REPUBLIKA.CO.ID, Satu femonena menarik yang menggambarkan tradisi keilmuan yang berlaku di masa salaf adalah budaya bertanya kepada pakar, istifta.
Mereka yang menemukan berbagai persoalan merujuk dan mencari keterangan kepada para ahli. Ini didasari oleh sikap kehati-hatian dan rasa percaya terhadap sosok yang dipandang memiliki penguasaan lebih.
Surat An-Nahl ayat 43 menjadi dasar pemikiran pentingnya mengembalikan permasalahan pada ahli di bidangnya. Tak terkecuali dalam masalah keagamaan. Allah SWT berfirman, “Bertanyalah kepada ahli ilmu jika kalian tidak mengetahui.”

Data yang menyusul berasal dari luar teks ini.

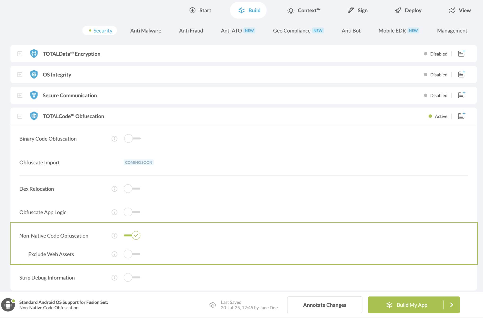 Navigate to Build > Security tab > TOTALCode™ Obfuscation section in the Appdome Console.

Tugas memberikan fatwa itu diemban pula oleh seorang pakar dan penghafal hadis, Al-Hafidz Ibnu Hajar Al-Asqalani (852 H). Ulama terkemuka kelahiran Mesir, 13 Ramadhan 773 itu memberikan fatwa-fatwa kepada para murid dan masyarakat pada zaman itu.
Fatwa tersebut ada yang disampaikan secara langsung dan ada pula yang ditulis tangan dan dikirim dari berbagai wilayah. Pertanyaan-pertanyaan yang disampaikan para murid dan masyarakat kepada Ibnu Hajar dijawab sendiri dengan goresan penanya. Di antaranya terdokumentasikan dan tersebar di berbagai karya yang ditulis oleh ulama, mulai dari fikih, hadis, hingga biografi.
Salah satu kitab yang mengumpulkan koleksi ragam jawaban Ibnu Hajar atas pertanyaan masyarakat dan muridnya itu adalah kitab Al-Ajwibat Ibnu Hajar Al-Asqalani. Kitab itu berisikan jawaban Ibnu Hajar atas berbagai persoalan yang dipertanyakan oleh sejumlah muridnya, antara lain Imam As-Sakhawi.
Pertanyaan tersebut diajukan oleh murid-murid melalui tulisan tangan yang dikirim dari berbagai wilayah. Permintaan fatwa kepada Ibnu Hajar itu ada yang datang dari Makkah dan Baitul Maqdis. Sementara Ibnu Hajar kala itu berdomisili di Mesir. Berbagai pertanyaan itu dikumpulkan per kategori dan dikirimkan secara kolektif.
Ada tiga pengirim pertanyaan utama dari kumpulan fatwa Ibnu Hajar itu. Ketiganya adalah Syamsuddin bin Muhammad bin Al-Khidir Al-Mishri, Umar bin Fahad Al-Hasyimi Al-Makki, serta Zainuddin Ridwan bin muhamad bin Yusuf Al-Aqabi. Dalam kitab itu, kita juga dapat menyaksikan sisi kerendahan hati seorang Ibnu Hajar.